Saturday, November 28, 2020

Three Beautiful Things 11-27-20: Everett Update, Zags Waltz, *Reconstruction*

1. Everett was alert more often today than yesterday.  Christy spent much of the day with him. He slept quite a bit, but, when he was awake, he was pretty comfortable and was clear headed. He and Christy had conversations.  Everett made it clear how much he enjoys Christy's company and appreciates her devotion to his comfort.  I can't emphasize enough how good it is that Everett is in Kellogg, Christy is so close by, and that she is allowed to spend so much time with him. 

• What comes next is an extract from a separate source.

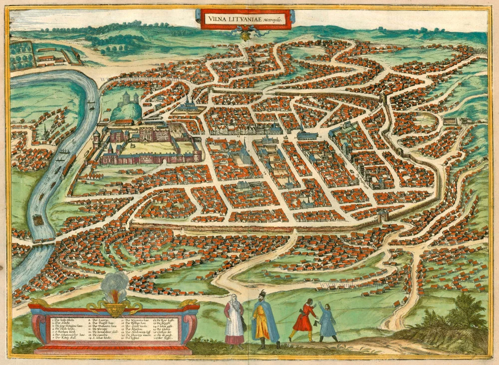 COMMENTARY BY BRAUN: "Vilnius is a large, densely populated episcopal city in the Duchy of Lithuania. The city is enclosed within a wall and gates, which, however, are no longer sufficient; all the houses in it are made of wood and very low and plain, except for certain streets in which foreign merchants have erected handsome houses made of stone. There are two royal palaces, one very spacious and famous for its halls. The other palace is on a hill, and one can see very far from its towers. There is also a magnificent monastery dedicated to St Bernard here."

2.  Gonzaga's game with Auburn, played at Fort Meyers, FL,  featured an 8 a.m. (PST) tipoff. Auburn is a young team with a lot of talent, but raw. The more experienced Zags had little trouble establishing themselves as the superior team, weathered Auburn's barrage of three point shots, and waltzed to a 90-67 victory. Auburn had no answer for Drew Timme who scored 28 points nor for Corey Kisbert who knocked down 25. 

3. I fixed myself a couscous, spinach, green bean, and salmon bowl for dinner and, early in the evening, and I watched the last two hours of the PBS documentary series, Reconstruction. At the same time that Reconstruction was sobering and terrifying, especially its chronicling of the history of terrorism and lynching, it was inspiring to see Black leaders confront the cruelty, confront the awful insistence that, as Black people, African-Americans were, by nature, inferior and created by God to be subservient to white people. Intellectuals, artists, and especially photographers countered the white propaganda depicting Black people as stupid, lazy, savage, bumbling, ill-formed, and predatory (climaxed in the movie Birth of a Nation) with photographic images, essays, stories, poems, publications, original music, and other forms of expression that countered the propaganda and emphasized the dignity and intellectual and artistic abilities of African-Americans.